3. Get Greater Visibility
Visibility takes us back to the thermal image of the leaky house. The right tools provide a greater level of visibility as to where the heat is leaking out. The same is true for your network. If you don’t know what data is traversing your network, which application is running, and who’s talking, then you don’t know your own network.
That’s where visibility solutions come in. Whether it’s a cloud or a physical network, these can provide a variety of useful perspectives: intelligently tap traffic to be analyzed; or intelligently shepherd some, or all traffic, to next-generation firewalls, data loss prevention solutions, or sandboxes. Visibility capabilities can provide everything a security engineer needs to know to detect, find, assess, and make a decision.
4. Audit Your Security
Security auditing includes pressure testing your network using a thorough and realistic simulation of the harshest possible conditions it may face. It also consists of safe, self-directed attacks.

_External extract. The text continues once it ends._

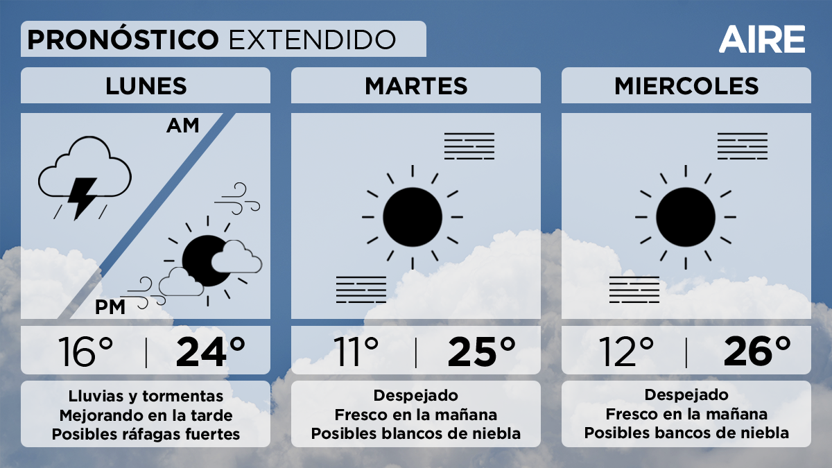 - Las condiciones continuarán inestables, con posibles lluvias y tormentas aisladas, pero mejorando en el transcurso de la tarde con nubosidad en disminución. Temperaturas en descenso, con mínima de 14° a final de la jornada, 16° por la mañana, máxima de 24° y viento leve a moderado del sudoeste, con posibles ráfagas de mayor intensidad.

“Security operations, or “SecOps,” is a collaborative effort between information technology (IT) security and operations teams,” said Mark. “The focus is on integrating tools, processes, and technology to meet the collective goal of keeping the organization secure while reducing risk and improving agility.”
The focus is on integrating tools, processes, and technology to meet the collective goal of keeping the organization secure while reducing risk and improving agility.
SecOps tools called threat simulators let you hack yourself—before hackers do. For example, breach-and-attack platforms such as Keysight’s Threat Simulator enable you to safely simulate attacks on your production network, identify gaps in coverage, and remediate potential vulnerabilities before attackers can exploit them.
Measuring Success
Moving forward, our increasingly connected world demands new security tactics. The foundational elements are preparation, resilience, visibility, and pressure testing. These set you up to meet the ultimate measure of success: keeping everything working while keeping everything more secure.